▸ **YOUR GOAL**:
Print the lines below word for word, beginning with the first and ending with the line that holds "logo are seen", and skip every picture.

Data entries
•••
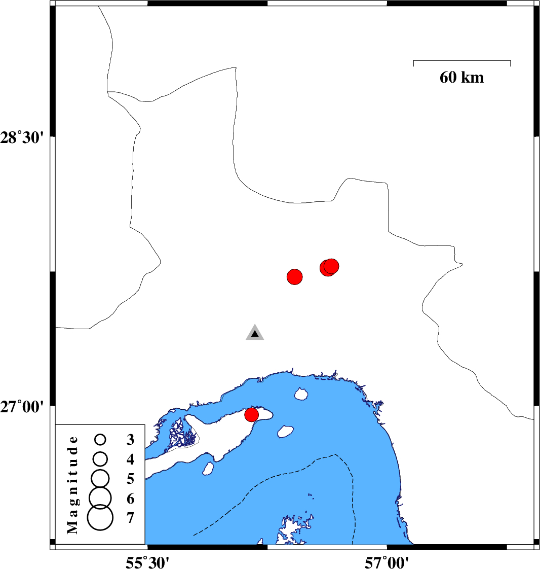 | 2013/01/07 | 00:41:58.1 | 04:11:58.1 | 26.95 | 56.15 | 14 | ML:4 | Persian Gulf, 11 km West of Qeshm |
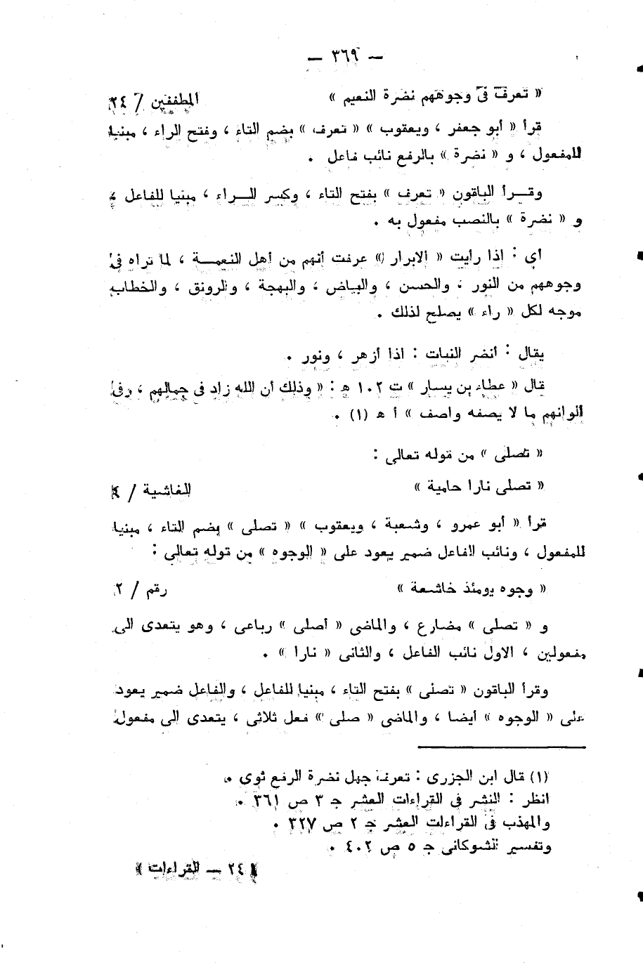 قرأ «أبو جعفر، ويعقوب» «تعرف» بضم التاء، وفتح الراء، مبنيا للمفعول، و «نضرة» بالرفع نائب فاعل.
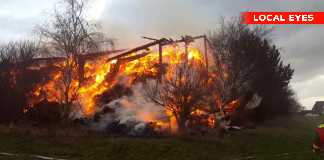 Stor gårdbrand med massiv røgfane ved Grønnemose
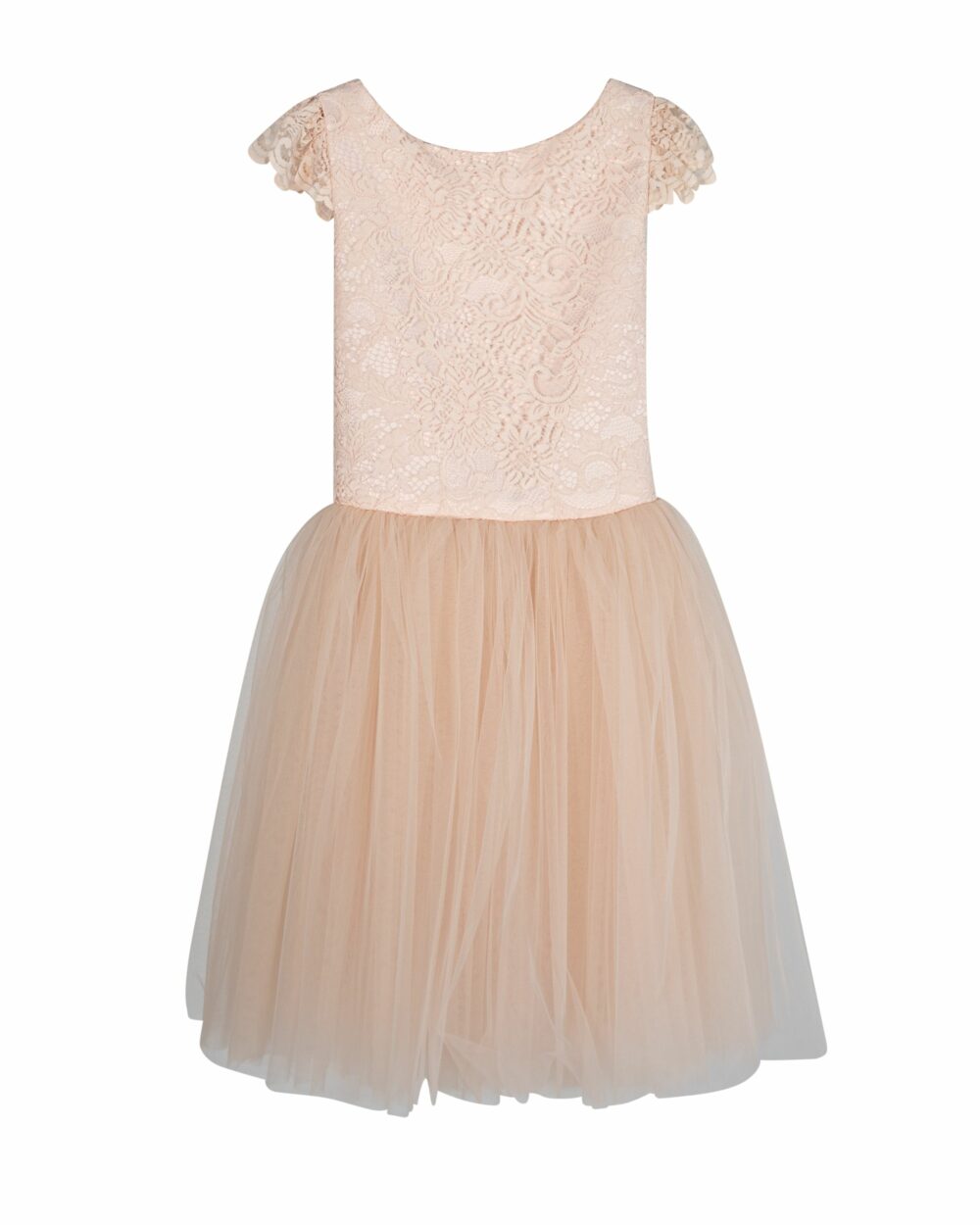 Bruidsmeisjes jurk met vetersluiting met satijnlint op de rug en wijde tule rok. Het lijfje van de jurk is gemaakt satijn met bruidskant erover. De gerimpelde kapmouwtjes van kant geven het jurkje een speels effect. Perfect voor een bruidsmeisje of voor een communie.
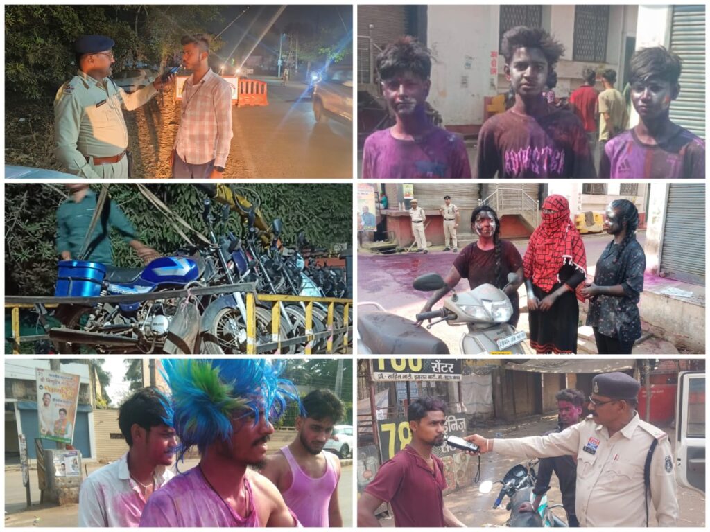 मगरलोड धमतरी – पुलिस अधीक्षक धमतरी श्री आंजनेय वार्ष्णेय के निर्देश पर उप पुलिस अधीक्षक यातायात सुश्री मोनिका मरावी के मार्गदर्शन में होली पर्व के मद्देनजर सड़क सुरक्षा को सुनिश्चित करने हेतु जिला में होलिका दहन एवं होली दिवस पर विशेष वाहन चेकिंग पाईंट लगाया गया जिसमें स्वयं पुलिस अधीक्षक महोदय मौके पर पहुंचकर यातायात नियमों का पालन नही करने वाले वाहन चालकों पर विशेष कार्यवाही करने निर्देशित किया गया था जिसके परिप्रेक्ष्य में विशेषकर रंग गुलाल खेलकर हुड़दंग करते हुए दोपहिया वाहन में तीन सवारी चलने वाले एवं शराब सेवन कर वाहन चलाने वाले वाहन चालकों पर कार्यवाही की गई चेकिंग के दौरान तीन सवारी चलने वाले वाहनों को पकड़कर यातायात सिटी कोतवाली, एवं रूद्री थाना में सुरक्षार्थ रखा गया साथ ही 16 शराबी वाहन चालकों का प्रकरण तैयार कर माननीय न्यायालय पेश किया गया जिसमें से 13 वाहन चालकों से 1,30,000/- रूपये अर्थदण्ड से दण्डित किया गया। थानों में सुरक्षार्थ रखे वाहनों को होली पर्व के उपरांत सभी वाहन चालकों को दोपहिया वाहन में तीन सवारी, बिना हेलमेट, बिना लायसेंस के नही चलने समझाईश देकर छोड़ा गया।
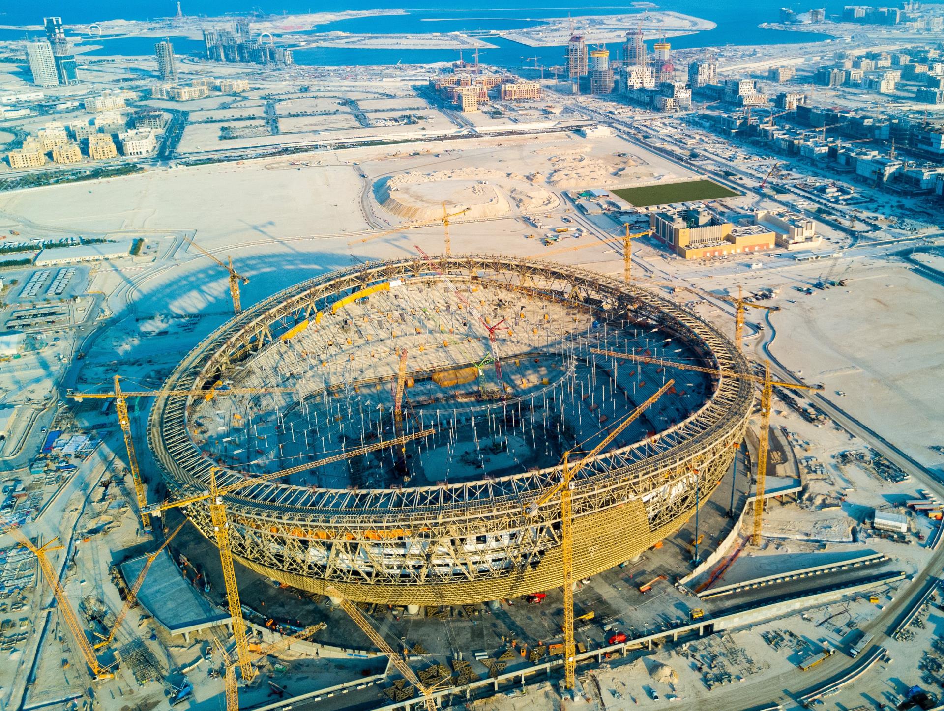 △中聯(lián)重科塔機(jī)助建盧賽爾體育場(chǎng)(圖片來源:鐵建國(guó)際)
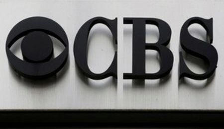 logo are seen outside the CBS Broadcast Center on West 57th St. in
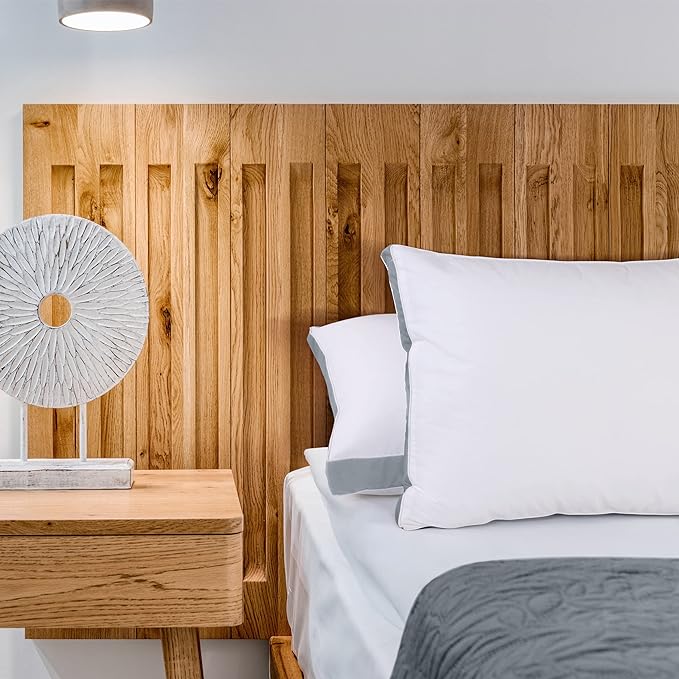 - Gusset Bed Pillows – Set of 2 grey gusset bed pillows with white piping and double stitching that gives a sophisticated look to the pillows and also improves durability
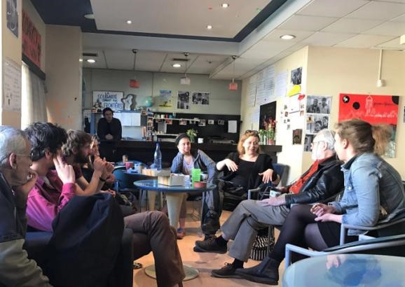 Cette stratégie est le résultat d’un choix de visibilité et d’ouverture pour fonctionner en symbole politique. Cela permet d’attirer des bénévoles « solidaires internationaux » ou des dons (souvent par le relais d’organisations politisées en Europe), et d’obtenir un soutien massif en cas de menace d’éviction. Une communication interne au squat est mise en place et se décline en plusieurs aspects. D’une part, les journalistes sont acceptés et accueillis, contrairement à la plupart des squats assez fermés aux médias. Ils doivent cependant respecter certaines règles, comme celles de rester dans les espaces communs de l’hôtel et de monter aux étages uniquement s’ils sont accompagnés d’un local ou d’un bénévole, pour éviter des intrusions dans l’intimité des résidents. Le lieu fait l’objet de nombreux reportages, de documentaires et d’articles, qui assurent sa légitimation. Des étudiants ou des chercheurs en sciences sociales toujours plus nombreux s’y rendent pour y mener une recherche ; il attire aussi des figures tutélaires de la pensée radicale (Fig 5) telles qu’Alain Badiou, Judith Butler, David Harvey ou plus récemment Angela Davis, qui viennent le visiter et y faire des interventions.
•••
▸ **EXERCISE RESPONSE**:
 | 2013/01/07 | 00:41:58.1 | 04:11:58.1 | 26.95 | 56.15 | 14 | ML:4 | Persian Gulf, 11 km West of Qeshm |
 قرأ «أبو جعفر، ويعقوب» «تعرف» بضم التاء، وفتح الراء، مبنيا للمفعول، و «نضرة» بالرفع نائب فاعل.
 Stor gårdbrand med massiv røgfane ved Grønnemose
 Bruidsmeisjes jurk met vetersluiting met satijnlint op de rug en wijde tule rok. Het lijfje van de jurk is gemaakt satijn met bruidskant erover. De gerimpelde kapmouwtjes van kant geven het jurkje een speels effect. Perfect voor een bruidsmeisje of voor een communie.
 मगरलोड धमतरी – पुलिस अधीक्षक धमतरी श्री आंजनेय वार्ष्णेय के निर्देश पर उप पुलिस अधीक्षक यातायात सुश्री मोनिका मरावी के मार्गदर्शन में होली पर्व के मद्देनजर सड़क सुरक्षा को सुनिश्चित करने हेतु जिला में होलिका दहन एवं होली दिवस पर विशेष वाहन चेकिंग पाईंट लगाया गया जिसमें स्वयं पुलिस अधीक्षक महोदय मौके पर पहुंचकर यातायात नियमों का पालन नही करने वाले वाहन चालकों पर विशेष कार्यवाही करने निर्देशित किया गया था जिसके परिप्रेक्ष्य में विशेषकर रंग गुलाल खेलकर हुड़दंग करते हुए दोपहिया वाहन में तीन सवारी चलने वाले एवं शराब सेवन कर वाहन चलाने वाले वाहन चालकों पर कार्यवाही की गई चेकिंग के दौरान तीन सवारी चलने वाले वाहनों को पकड़कर यातायात सिटी कोतवाली, एवं रूद्री थाना में सुरक्षार्थ रखा गया साथ ही 16 शराबी वाहन चालकों का प्रकरण तैयार कर माननीय न्यायालय पेश किया गया जिसमें से 13 वाहन चालकों से 1,30,000/- रूपये अर्थदण्ड से दण्डित किया गया। थानों में सुरक्षार्थ रखे वाहनों को होली पर्व के उपरांत सभी वाहन चालकों को दोपहिया वाहन में तीन सवारी, बिना हेलमेट, बिना लायसेंस के नही चलने समझाईश देकर छोड़ा गया।
 △中聯(lián)重科塔機(jī)助建盧賽爾體育場(chǎng)(圖片來源:鐵建國(guó)際)
 logo are seen outside the CBS Broadcast Center on West 57th St. in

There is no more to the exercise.